→ Your objective: Reproduce exactly the lines below, from the first one through the line containing "Complete Organization. Keep", and omit any pictures.

→ Data excerpt:
================

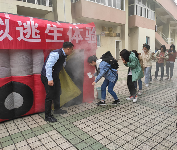 林细俤强调,疏散演练就是一次应对灾难的很好实践和体验,希望全院师生能牢固树立安全在于遵守制度,安全在于平时预防,安全在于自我保护,安全在于学习知识,安全更在于临危不惧的意识。吴教官为同学们宣传并讲解消防安全知识,并重点讲解“拉水带比赛”和“帐篷模拟逃生”活动流程及其注意事项。演练过程中最精彩部分为“帐篷模拟逃生”,消防帐篷内采取火灾烟雾模拟,真实还原火灾现场,演练师生需按逃生姿势,捂住口鼻,俯身前行,并在人体承受极限的45秒内完成逃生。参与演练的同学按照分组依次进入消防帐篷,采取计时逃生的方式,按照逃生姿势,均顺利完成逃生,这都考验着体验人员的火场逃生能力。同学们积极参与,切实增强了消防安全防范意识和火灾逃生自救能力。
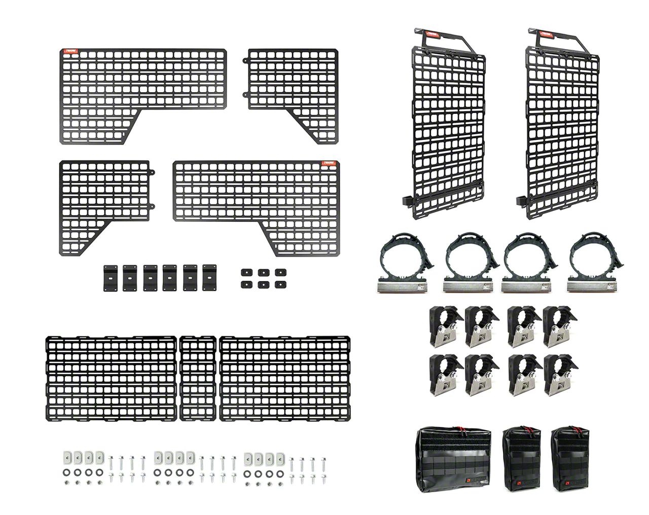 Complete Organization. Keep your gear organized and clutter-free with ease, thanks to the Gear Organization MOLLE System (Pro Kit) from BuiltRight Industries. This comprehensive kit includes a full set of Bedside Rack System MOLLE Panels and a pair of Rigid Seat Back MOLLE Panels, offering you maximize storage space for your essentials.
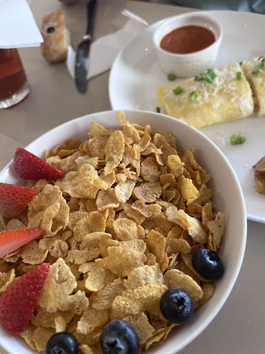 The traditional breakfast came without eggs, also we had just four slices of bread, which was not enough. Then we ordered eggs, which took about 15 minutes to prepare. The vegetables they brought included a cucumber that was in a spoiled state. The berries that came with the pancakes were also spoiled. The Nutella served with the pancakes was too runny—it shouldn’t be that liquid. The pancakes were falling apart.

================

→ Your solution:
 林细俤强调,疏散演练就是一次应对灾难的很好实践和体验,希望全院师生能牢固树立安全在于遵守制度,安全在于平时预防,安全在于自我保护,安全在于学习知识,安全更在于临危不惧的意识。吴教官为同学们宣传并讲解消防安全知识,并重点讲解“拉水带比赛”和“帐篷模拟逃生”活动流程及其注意事项。演练过程中最精彩部分为“帐篷模拟逃生”,消防帐篷内采取火灾烟雾模拟,真实还原火灾现场,演练师生需按逃生姿势,捂住口鼻,俯身前行,并在人体承受极限的45秒内完成逃生。参与演练的同学按照分组依次进入消防帐篷,采取计时逃生的方式,按照逃生姿势,均顺利完成逃生,这都考验着体验人员的火场逃生能力。同学们积极参与,切实增强了消防安全防范意识和火灾逃生自救能力。
 Complete Organization. Keep your gear organized and clutter-free with ease, thanks to the Gear Organization MOLLE System (Pro Kit) from BuiltRight Industries. This comprehensive kit includes a full set of Bedside Rack System MOLLE Panels and a pair of Rigid Seat Back MOLLE Panels, offering you maximize storage space for your essentials.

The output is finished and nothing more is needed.